DATA ::
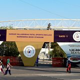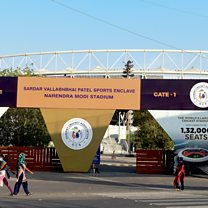 (Photo: The main entrance of the Narendra Modi Stadium, following IPL's decision to suspend the tournament due to surge in coronavirus case. Credit: Sam Panthaky/AFP/Getty Images)
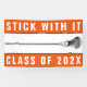 Lacrosse team banner featuring motivational line and lacrosse stick design on an orange background. Edit text to add year.
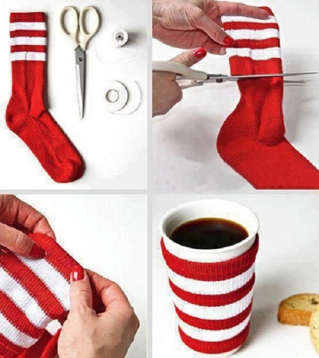 Esta ideia original é muito boa para quem curte bebidas quentes, mas não gosta da ideia de queimar as mãos. Mas lave as meias antes :P

ASSIGNMENT ::
Reproduce the lines of the listing exactly, starting at the one that contains "Lacrosse team banner" and continuing through the final line, but leave out the pictures.

REPLY ::
 Lacrosse team banner featuring motivational line and lacrosse stick design on an orange background. Edit text to add year.
 Esta ideia original é muito boa para quem curte bebidas quentes, mas não gosta da ideia de queimar as mãos. Mas lave as meias antes :P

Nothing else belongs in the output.